The planning area for the Indian Canyons Master Plan includes lands surrounding Heritage Park with the goal of eventually acquiring all of this land to improve the ability of the Tribe to protect and manage the park lands as a single entity. Some of the ecological resources in this area include wetland and riparian habitat, desert scrub communities, and the migration corridor for Peninsular Bighorn Sheep. Archeological and historic resources here include rock art, house foundations, ceremonial sites, irrigation ditches, and food processing areas. 

The non-Tribally held lands are of greatest interest for acquisition because they contain sensitive archeological resources and because their development would be incompatible with the character of the Indian Canyons area. The Indian Canyons plan states that acquisition funding could come from Riverside County, the State of California, and the federal government. Property owners can also dedicate land for conservation as mitigation for development. The Indian Canyons Plan designated most of the privately-held land in the planning area as Open Space – Rural, allowing one single-family dwelling per 40 acres, a density that was subsequently increased to one dwelling per 20 acres.  
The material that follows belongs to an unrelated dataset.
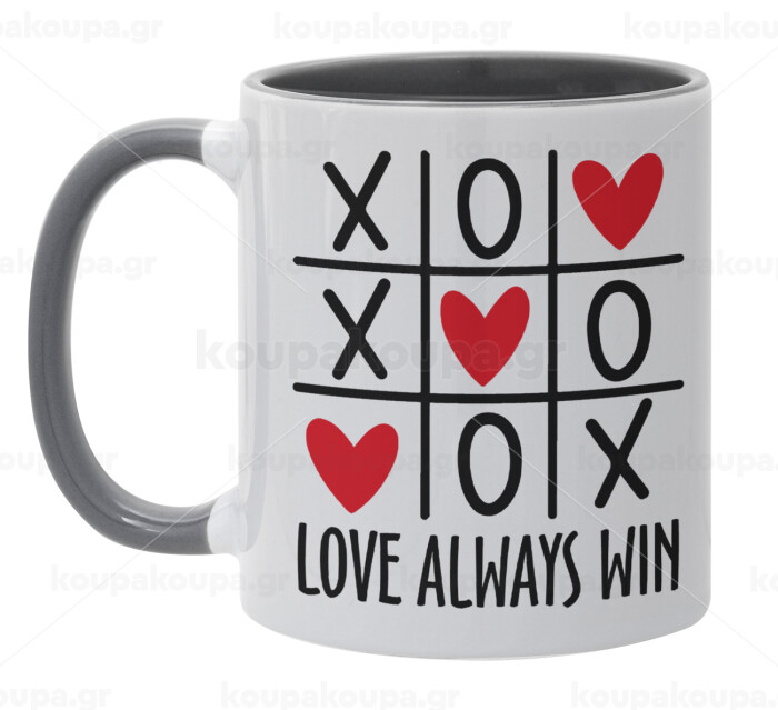 Love always win, Κούπα χρωματιστή γκρι, κεραμική, 330ml

The Tribal Habitat Conservation Plan, THCP, adopted In 2010, provided for a Habitat Preserve for the long term conservation of Covered Species. At full development, a Habitat Preserve of 18,870 acres is proposed to result primarily from mitigation measures required of future development and from acquisitions funded by the Tribe, private conservancies, and governmental entities. Section 4.5.4 of this plan also provides for what is refered to as density transfers from land in the Mountains & Canyons Conservation Area (MCCA) to appropriate receiving sites. The plan noted that these applicable sites could not be mapped at the time of adoption of the THCP and that such transfers would have to be reviewed on a site specific basis.

The THCP specifies that the Peninsular bighorn sheep corridor study area includes Palm Canyon, part of the Indian Canyons. One of the strategies for preserving this area involves the transfer of development rights to land elsewhere within the Plan Area. Page 4-86 clarifies that the southeast corner of Section 2 (T5S, R4E) could achieve 15 percent development or alternatively transfer development potential to a one-sixteenth-section receiving area in the northeast corner of Section 2 (T5S, R4E) which could then be developed to 100 percent development subject to applicable adjacency and mitigation requirements.

Similarly small areas totaling 104 acres in Section 10 (T4S, R4E) and Section 2 (T5S, R4E) identified as having low priority for conservation could achieve 100 percent development or alternatively transfer development to the same receiving area described above.

The Tribal Land Use Ordinance provides that the severing of development rights from a sending site must occur at the same time these rights attach to a receiving site. It requires the recording of a document extinguishing all development rights from a sending site and the number of rights being removed. Likewise, a recorded document on the receiving site must indicate the additional rights provided by the transfer, the donor parcel that generated these rights, and acknowledgement that the transfer is permanent and that the rights cannot be further transferred, sold, traded or otherwise removed from the receiving parcel. 

To date, no transfers have occurred. One possible reason is that the receiving area identified in the THCP is relatively small and has already had more than half of its land area developed. This receiving area also contains archeological and historic sites that could be difficult for future development to avoid. Conceivably, the Tribe could work with the City of Palm Springs to generate receiving areas under the jurisdiction of that city capable of accommodating inter-jurisdictional transfers. The Tribe also maintains jurisdiction over various holdings within Palm Springs that could presumably become receiving sites; however, these sites are designated for governmental purposes and might need to be redesignated for development in order to become receiving sites.

Although no transfers have occurred, no development has occurred in the sending area primarily because most of it is steeply-sloped mountainous terrain that would require expensive retaining walls and other features to develop.